> Problem description:
Give back the data exactly, with no images.

> Data provided:
● ● ● ●
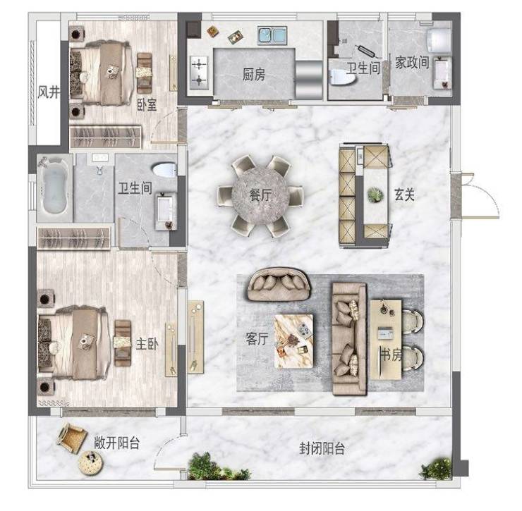 适老空间可变为无障碍空间,安享晚年生活主卧套间舒适空间,尽享尊贵生活,餐客一体超大空间洄游空间主客动线分离,整体空间更显开阔南向三开间270°观景体验,舒适美观
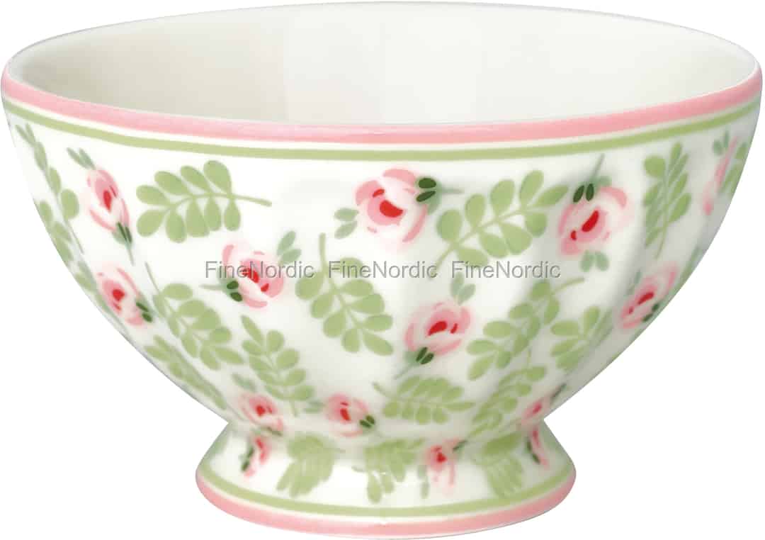 Die Lily Petit White French Bowl in Medium von GreenGate ist eine wunderbare kleine Snackschüssel. Sie hat eine Kapazität von 150 ml, so dass Sie sie mit ein paar Gemüsesticks oder Obstscheiben füllen können. Die attraktive Schale ist ideal für die, die gerne kleine Portionen essen. Die helle Schale ist außen mit einem schönen Blumenmuster versehen und die Innenseite ist einfarbig. Kleine rosafarbene Rosen und hellgrüne, blättrige Zweige sind Teil des Designs dieser Schüssel. Den oberen und unteren Rand umkreist jeweils eine rosa und eine hellgrüne Linie. Decken Sie einen hübschen Tisch mit ihr und mit den anderen Lily Petit Geschirrteilen von GreenGate. Dieses schöne Muster ist auch auf vielen GreenGate Textilien zu finden. Wenn Sie Interesse daran haben, sich diese anzuschauen, dann können Sie diese alle in unserem Webshop entdecken.
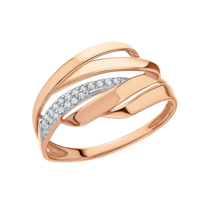 Актуальный дизайн с пересекающими линиями благородного золота и кристальным сиянием камней смотрится женственно и современно, и позволит создать завершенный образ, уместный в любой ситуации. Приобретайте кольцо для своей коллекции или в подарок по выгодным ценам в магазинах Мир Золота.
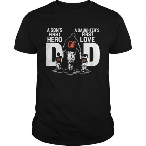 Baltimore Orioles Dad a sons first hero a daughters firstlove shirt, hoodie, sweater, longsleeve and ladies t-shirt
● ● ● ●
> Response to the task:
 适老空间可变为无障碍空间,安享晚年生活主卧套间舒适空间,尽享尊贵生活,餐客一体超大空间洄游空间主客动线分离,整体空间更显开阔南向三开间270°观景体验,舒适美观
 Die Lily Petit White French Bowl in Medium von GreenGate ist eine wunderbare kleine Snackschüssel. Sie hat eine Kapazität von 150 ml, so dass Sie sie mit ein paar Gemüsesticks oder Obstscheiben füllen können. Die attraktive Schale ist ideal für die, die gerne kleine Portionen essen. Die helle Schale ist außen mit einem schönen Blumenmuster versehen und die Innenseite ist einfarbig. Kleine rosafarbene Rosen und hellgrüne, blättrige Zweige sind Teil des Designs dieser Schüssel. Den oberen und unteren Rand umkreist jeweils eine rosa und eine hellgrüne Linie. Decken Sie einen hübschen Tisch mit ihr und mit den anderen Lily Petit Geschirrteilen von GreenGate. Dieses schöne Muster ist auch auf vielen GreenGate Textilien zu finden. Wenn Sie Interesse daran haben, sich diese anzuschauen, dann können Sie diese alle in unserem Webshop entdecken.
 Актуальный дизайн с пересекающими линиями благородного золота и кристальным сиянием камней смотрится женственно и современно, и позволит создать завершенный образ, уместный в любой ситуации. Приобретайте кольцо для своей коллекции или в подарок по выгодным ценам в магазинах Мир Золота.
 Baltimore Orioles Dad a sons first hero a daughters firstlove shirt, hoodie, sweater, longsleeve and ladies t-shirt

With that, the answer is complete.